K-mers along with their frequency have served as an elementary building block for error correction, repeat detection, multiple sequence alignment, genome assembly, etc., attracting intensive studies in k-mer counting. However, the output of k-mer counters itself is large; very often, it is too large to fit into main memory, leading to highly narrowed usability. We introduce a novel idea of encoding k- mers as well as their frequency, achieving good memory saving and retrieval efficiency. Specifically, we propose a Bloom Filter-like data structure to encode counted k-mers by coupled-bit arrays— one for k-mer representation and the other for frequency encoding. Experiments on five real data sets show that the average memory- saving ratio on all 31-mers is as high as 13.81 as compared with raw input, with 7 hash functions. At the same time, the retrieval time complexity is well controlled (effectively constant), and the false-positive rate is decreased by two orders of magnitude.

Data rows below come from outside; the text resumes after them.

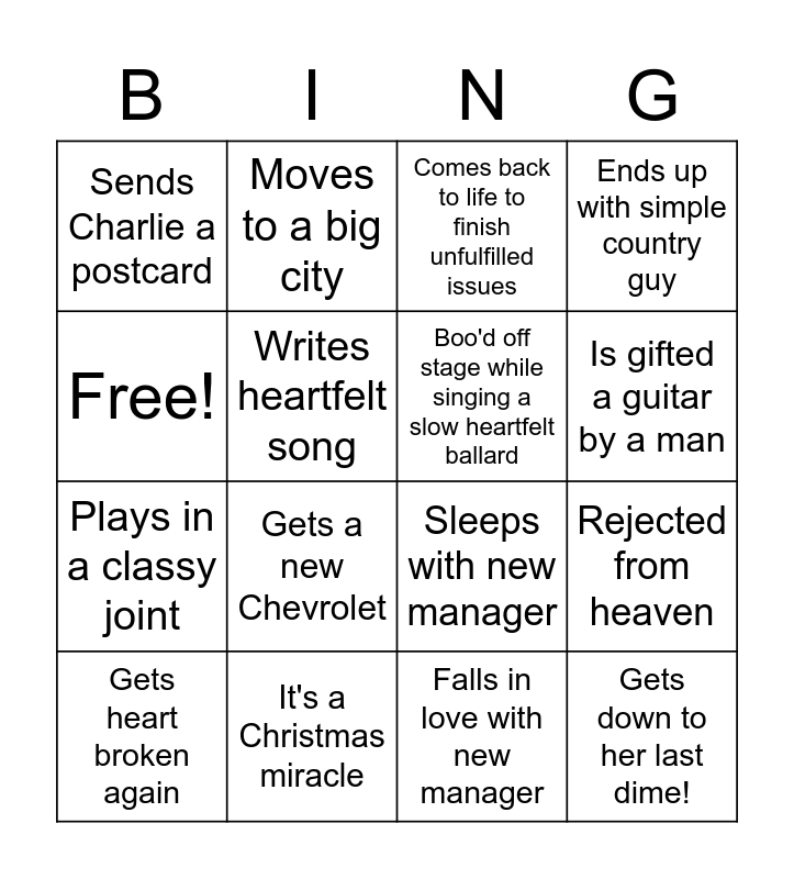 This bingo card has 16 words: It's a Christmas miracle, Rejected from heaven, Comes back to life to finish unfulfilled issues, Sends Charlie a postcard, Plays in a classy joint, Moves to a big city, Sleeps with new manager, Falls in love with new manager, Free!, Writes heartfelt song, Gets heart broken again, Ends up with simple country guy, Gets a new Chevrolet, Is gifted a guitar by a man, Boo'd off stage while singing a slow heartfelt ballard and Gets down to her last dime!.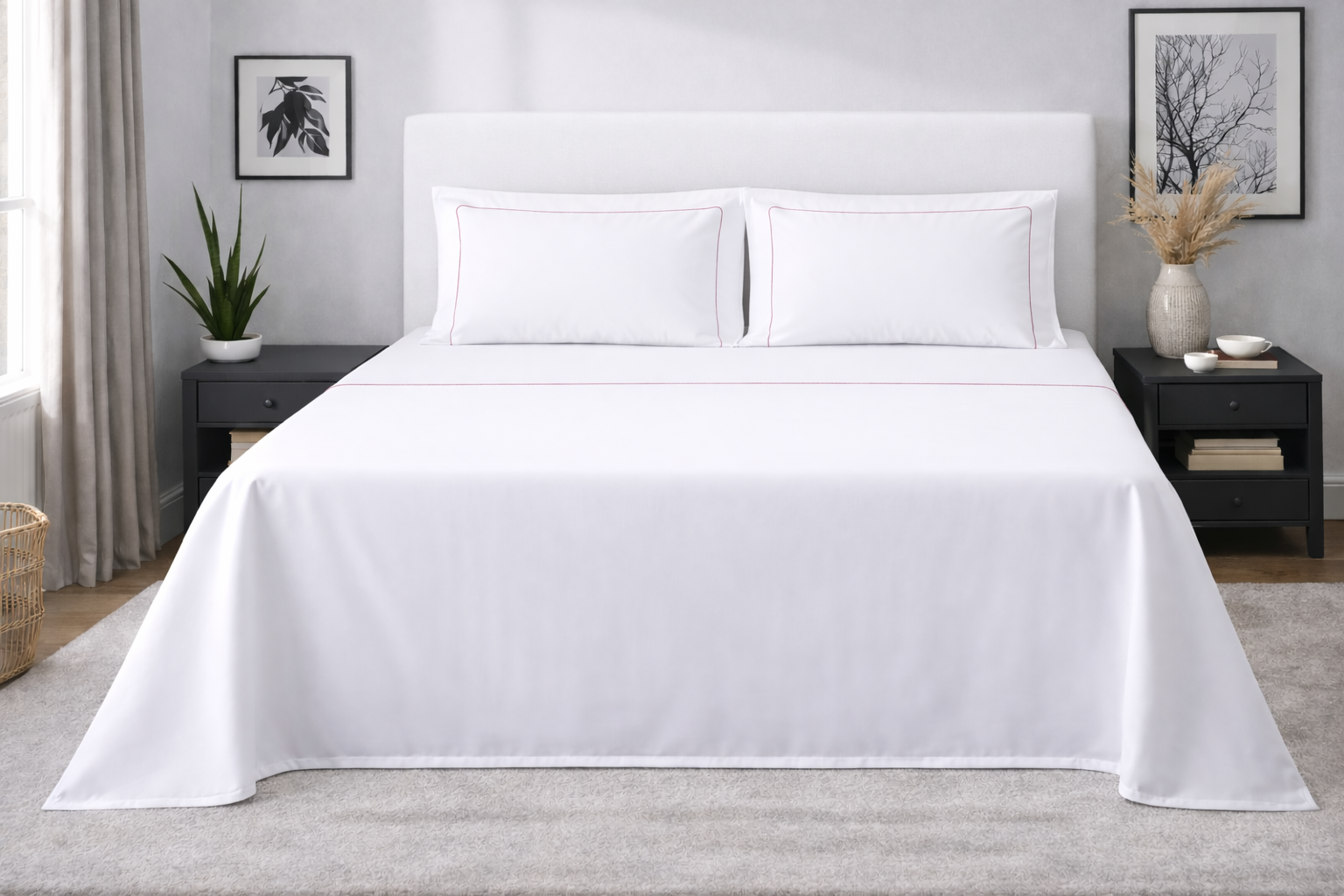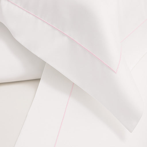 Complete Sheet Set in Pure Percale Cotton with colored cordonet and pillowcases finished with 3 Ruffles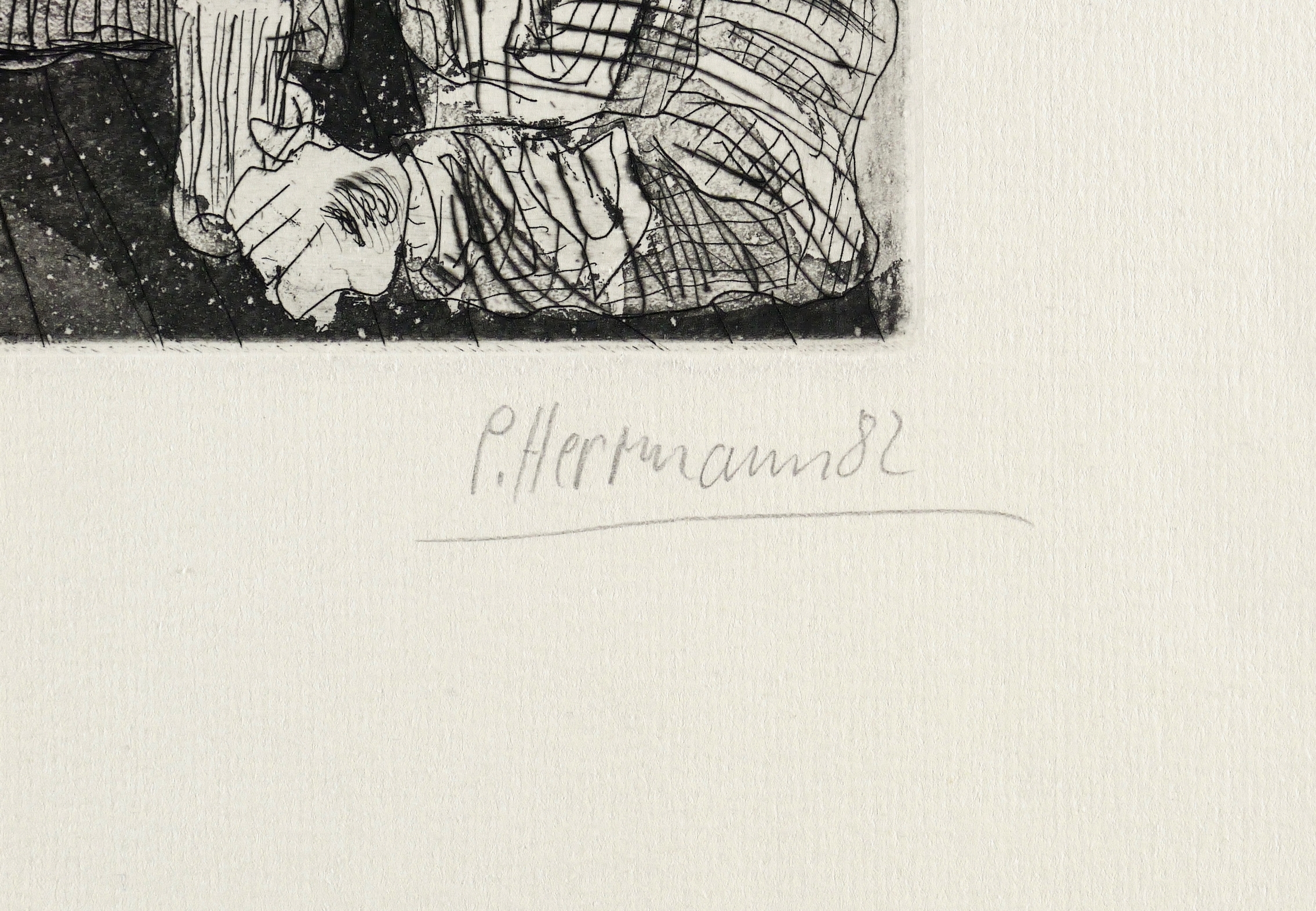 Rechts unten in Bleistift signiert und datiert: ″P. Herrmann 82″. Links Auflagenbezeichnung. Trockenstempel der Grafik-Edition. – Sehr gut erhalten.

kmcEx is based on C++11,and the installation step is very simple, in the kmodel main directory run 'make' command, then you can get the executable kmodel.

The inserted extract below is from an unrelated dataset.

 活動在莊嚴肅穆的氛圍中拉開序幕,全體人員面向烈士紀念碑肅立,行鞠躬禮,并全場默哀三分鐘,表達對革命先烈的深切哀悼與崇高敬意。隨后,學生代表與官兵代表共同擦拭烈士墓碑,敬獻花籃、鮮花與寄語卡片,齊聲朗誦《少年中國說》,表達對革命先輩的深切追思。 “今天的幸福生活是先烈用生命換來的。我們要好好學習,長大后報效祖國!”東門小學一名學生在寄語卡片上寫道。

make # run in the main directory
how to use the executable kmcEx for testing
1. USAGE
kmcEx [options] <input_file_name> <output_file_name> <working_directory>
kmcEx [options] <@input_file_names> <output_file_name> <working_directory>
2. OPTIONS
1) REQUIRED
input_file_name - single file in FASTQ format (gziped or not)
@input_file_names - file name with list of input files in FASTQ format (gziped or not)
working_directory - save temporary files
2) OPTIONAL
-k<len> - k-mer length (default: 31)
-t<value> - total number of threads (default: 4)
-ci<value> - exclude k-mers occurring less than <value> times (default: 1)
-cs<value> - maximal value of a counter (default: 1023)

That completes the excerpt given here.